Our friend/sister Ann and her two kids came. She is doing much better. She is back at work now, and the she told me that her oldest daughter is doing very well in school. That everything that happened didn't really affect her grades. I was pleased to hear that. My mom was there. Ann's oldest sister and a friend of theirs came also. Ann's older sister Jules had already burst the 4-0 bubble in January, then Leigh was next. We had cake and cupcakes from Sam's (great buttercream icing!), Officer Jan barbecued various kinds of meats, I made sides and bought the ice cream. We had a great spread! Later, our younger sister (by their dad, not mine, but we were raised as siblings anyway) and her boyfriend and 3 girls came. So it was a great family affair!

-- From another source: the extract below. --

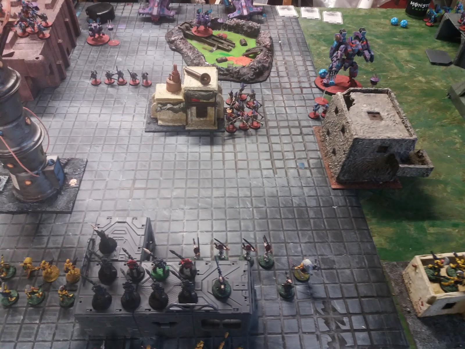 Aaron got first turn and proceeded to get all shooty. He targeted my Jetbikes and Rangers mainly, so at the end of the shooting phase the Rangers on objective 5 (the tall comms tower) were gone as were both the unit of jetbikes. This puts a crimp in my plan as I like to get twin shuriken catapults into my enemies faces. The only upside to this was most of my other units were pretty much unscathed. So Aaron get first blood, curses! Not entirely a shock as the Tau are very shooty.

Apparently, I had complained (or so I was told) about the New Guy being too busy for me all of a sudden. Look, I warned him I was high-maintenance when it comes to relationships! Well, he had a minister's training session about an hour and a half away, which he got of at 330p instead of 4p. He called me on the highway and asked if it was okay if he came to my sister's house. He did, I directed him to Officer Jan's house on Main Street in Belleville. He got to meet everyone. I was very happy to have him there, he fits right in. He did miss the "bat-signal" to retreat in the kitchen with the other two men! They told him to keep an eye out next time! I told you there is pretty much all women in my family.

So, things are moving along I suppose. I still feel some apprehension, just because of what happened before. It'll take me some time to get past that, I know, and I've told him so as well. But, I think we have a shot. I can at least say that.